* _Extracted material_
=-=-=-=-=

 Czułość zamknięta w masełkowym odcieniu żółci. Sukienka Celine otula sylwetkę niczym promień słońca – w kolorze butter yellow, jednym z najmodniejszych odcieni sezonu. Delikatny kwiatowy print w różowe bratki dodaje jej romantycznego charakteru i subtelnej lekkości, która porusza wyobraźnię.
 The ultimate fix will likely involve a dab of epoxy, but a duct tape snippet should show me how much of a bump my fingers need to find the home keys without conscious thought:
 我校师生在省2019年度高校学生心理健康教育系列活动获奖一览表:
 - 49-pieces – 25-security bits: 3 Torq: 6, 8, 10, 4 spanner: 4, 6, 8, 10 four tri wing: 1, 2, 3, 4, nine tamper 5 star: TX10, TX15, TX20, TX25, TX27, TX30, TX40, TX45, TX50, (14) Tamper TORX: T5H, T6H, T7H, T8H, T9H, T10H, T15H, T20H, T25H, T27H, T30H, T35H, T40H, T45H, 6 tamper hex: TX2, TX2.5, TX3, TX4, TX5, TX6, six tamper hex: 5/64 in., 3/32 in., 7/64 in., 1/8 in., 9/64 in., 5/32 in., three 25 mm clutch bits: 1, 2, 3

=-=-=-=-=

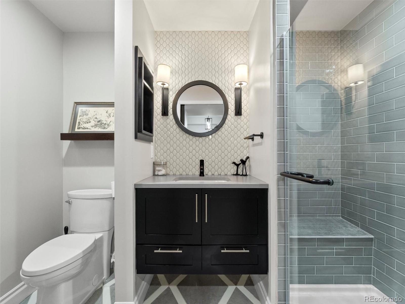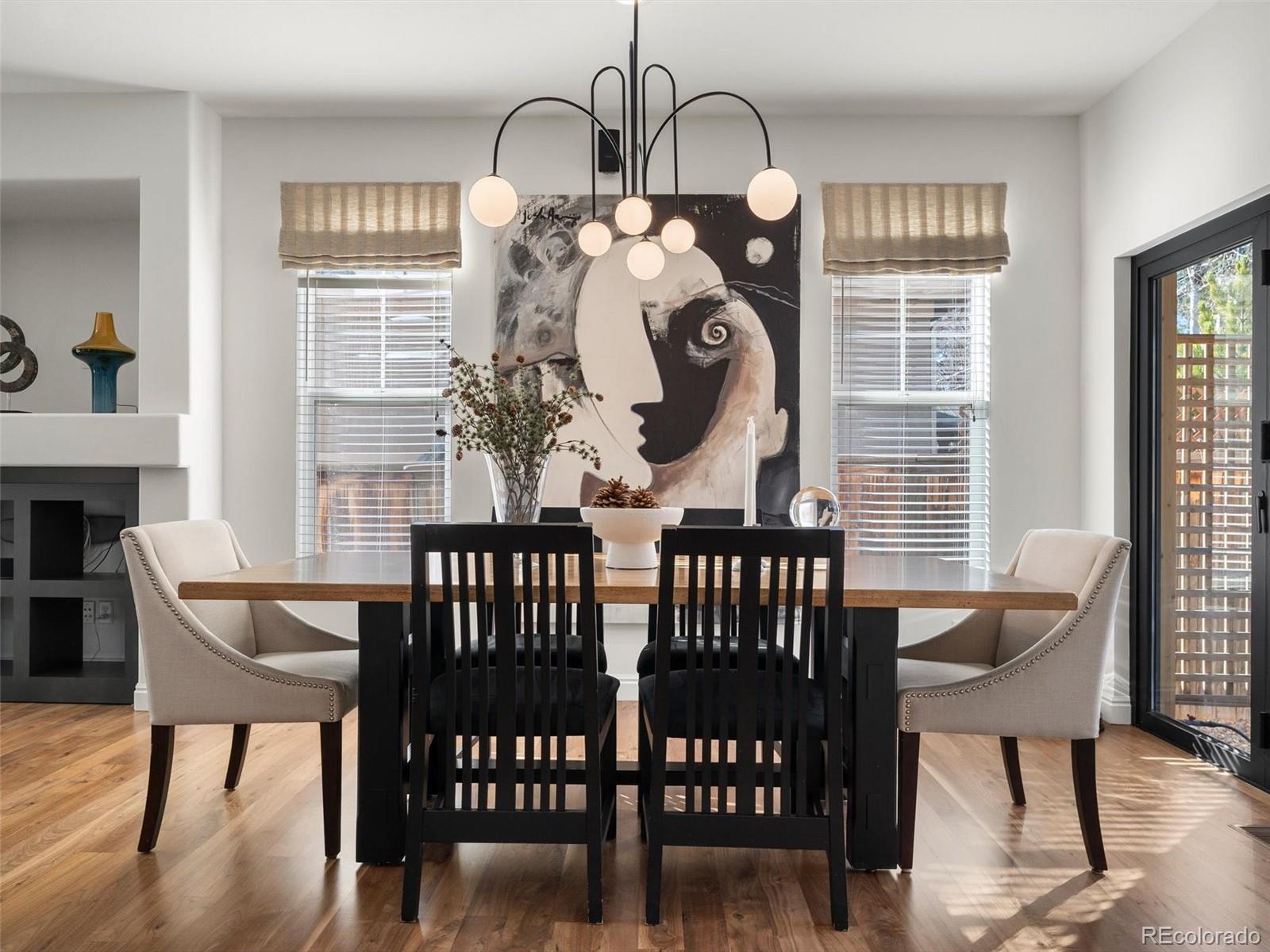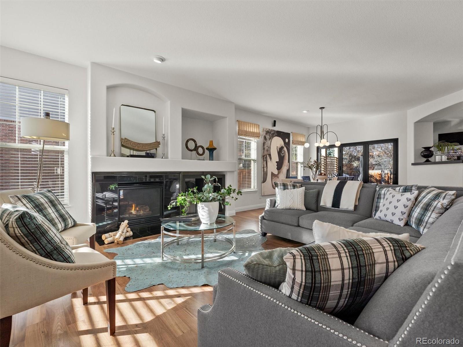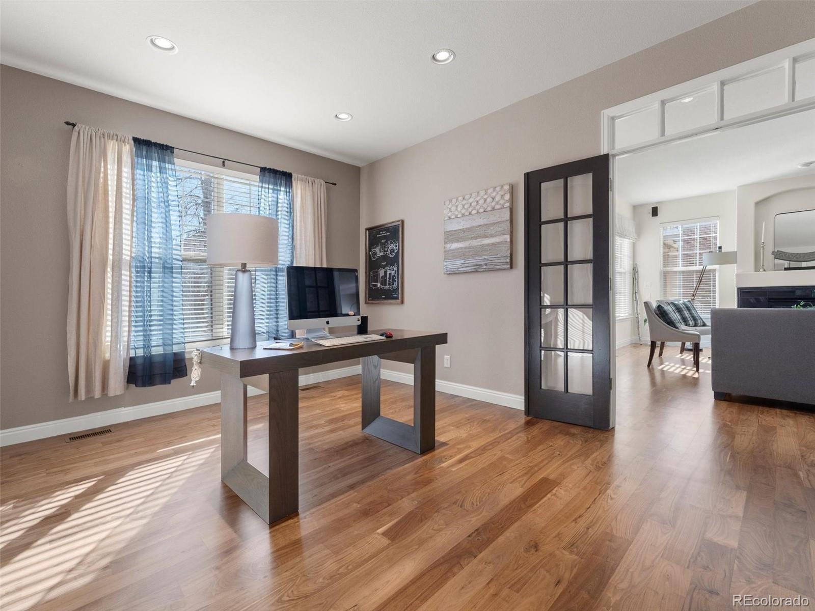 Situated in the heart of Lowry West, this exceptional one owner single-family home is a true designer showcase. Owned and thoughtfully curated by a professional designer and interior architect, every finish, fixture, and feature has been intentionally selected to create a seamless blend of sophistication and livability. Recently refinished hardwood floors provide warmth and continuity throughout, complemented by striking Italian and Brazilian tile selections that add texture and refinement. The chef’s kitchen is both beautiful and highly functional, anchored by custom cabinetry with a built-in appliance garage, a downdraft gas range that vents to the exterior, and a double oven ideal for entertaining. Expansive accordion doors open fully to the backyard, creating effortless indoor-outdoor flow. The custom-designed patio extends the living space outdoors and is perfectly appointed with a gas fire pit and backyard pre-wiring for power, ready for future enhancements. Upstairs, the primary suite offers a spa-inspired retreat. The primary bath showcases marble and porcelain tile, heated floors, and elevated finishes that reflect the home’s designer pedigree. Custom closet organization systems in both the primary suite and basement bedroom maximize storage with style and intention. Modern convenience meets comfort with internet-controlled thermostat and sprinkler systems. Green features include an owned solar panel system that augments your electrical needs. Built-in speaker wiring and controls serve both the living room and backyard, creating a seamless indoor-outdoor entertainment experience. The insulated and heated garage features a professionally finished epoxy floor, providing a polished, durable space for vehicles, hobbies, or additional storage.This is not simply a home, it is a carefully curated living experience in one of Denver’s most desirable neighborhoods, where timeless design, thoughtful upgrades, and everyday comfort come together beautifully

=-=-=-=-=

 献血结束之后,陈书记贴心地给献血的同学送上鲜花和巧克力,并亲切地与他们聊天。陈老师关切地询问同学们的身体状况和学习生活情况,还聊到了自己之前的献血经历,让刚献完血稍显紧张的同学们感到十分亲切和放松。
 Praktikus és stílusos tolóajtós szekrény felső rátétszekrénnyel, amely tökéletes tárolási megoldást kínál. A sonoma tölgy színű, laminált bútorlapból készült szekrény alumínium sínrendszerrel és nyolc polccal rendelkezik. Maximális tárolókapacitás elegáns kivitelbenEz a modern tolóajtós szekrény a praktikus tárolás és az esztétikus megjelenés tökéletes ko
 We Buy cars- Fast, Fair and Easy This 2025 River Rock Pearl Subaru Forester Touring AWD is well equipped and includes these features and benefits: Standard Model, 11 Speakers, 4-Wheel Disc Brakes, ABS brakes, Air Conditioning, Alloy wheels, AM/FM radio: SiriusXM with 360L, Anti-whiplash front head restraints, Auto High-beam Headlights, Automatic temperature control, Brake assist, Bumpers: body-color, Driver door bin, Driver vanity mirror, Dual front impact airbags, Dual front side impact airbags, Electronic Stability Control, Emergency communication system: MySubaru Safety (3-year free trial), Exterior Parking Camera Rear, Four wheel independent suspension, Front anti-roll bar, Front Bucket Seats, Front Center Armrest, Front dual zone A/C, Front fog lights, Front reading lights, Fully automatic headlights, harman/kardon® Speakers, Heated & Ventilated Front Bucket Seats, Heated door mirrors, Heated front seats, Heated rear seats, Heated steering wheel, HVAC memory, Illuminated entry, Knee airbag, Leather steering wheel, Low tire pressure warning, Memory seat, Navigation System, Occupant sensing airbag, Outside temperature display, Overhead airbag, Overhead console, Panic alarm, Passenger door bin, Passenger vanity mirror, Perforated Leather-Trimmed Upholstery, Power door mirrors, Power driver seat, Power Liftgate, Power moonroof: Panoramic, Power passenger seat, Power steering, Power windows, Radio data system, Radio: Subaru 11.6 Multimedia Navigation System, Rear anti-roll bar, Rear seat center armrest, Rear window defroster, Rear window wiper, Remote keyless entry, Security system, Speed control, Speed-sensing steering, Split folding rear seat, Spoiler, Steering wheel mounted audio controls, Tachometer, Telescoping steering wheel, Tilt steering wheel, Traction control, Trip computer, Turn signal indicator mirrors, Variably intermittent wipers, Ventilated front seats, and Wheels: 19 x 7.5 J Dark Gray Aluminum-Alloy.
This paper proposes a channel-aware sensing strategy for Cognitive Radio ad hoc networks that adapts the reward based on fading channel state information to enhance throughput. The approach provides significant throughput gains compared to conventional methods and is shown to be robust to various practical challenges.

=-=-=-=-=

* _Try it_
For the listing above, print only the lines starting at the line containing "The ultimate fix" and ending at the line containing "- 49-pieces –", exactly, both included.

* _Answer to this task_
 The ultimate fix will likely involve a dab of epoxy, but a duct tape snippet should show me how much of a bump my fingers need to find the home keys without conscious thought:
 我校师生在省2019年度高校学生心理健康教育系列活动获奖一览表:
 - 49-pieces – 25-security bits: 3 Torq: 6, 8, 10, 4 spanner: 4, 6, 8, 10 four tri wing: 1, 2, 3, 4, nine tamper 5 star: TX10, TX15, TX20, TX25, TX27, TX30, TX40, TX45, TX50, (14) Tamper TORX: T5H, T6H, T7H, T8H, T9H, T10H, T15H, T20H, T25H, T27H, T30H, T35H, T40H, T45H, 6 tamper hex: TX2, TX2.5, TX3, TX4, TX5, TX6, six tamper hex: 5/64 in., 3/32 in., 7/64 in., 1/8 in., 9/64 in., 5/32 in., three 25 mm clutch bits: 1, 2, 3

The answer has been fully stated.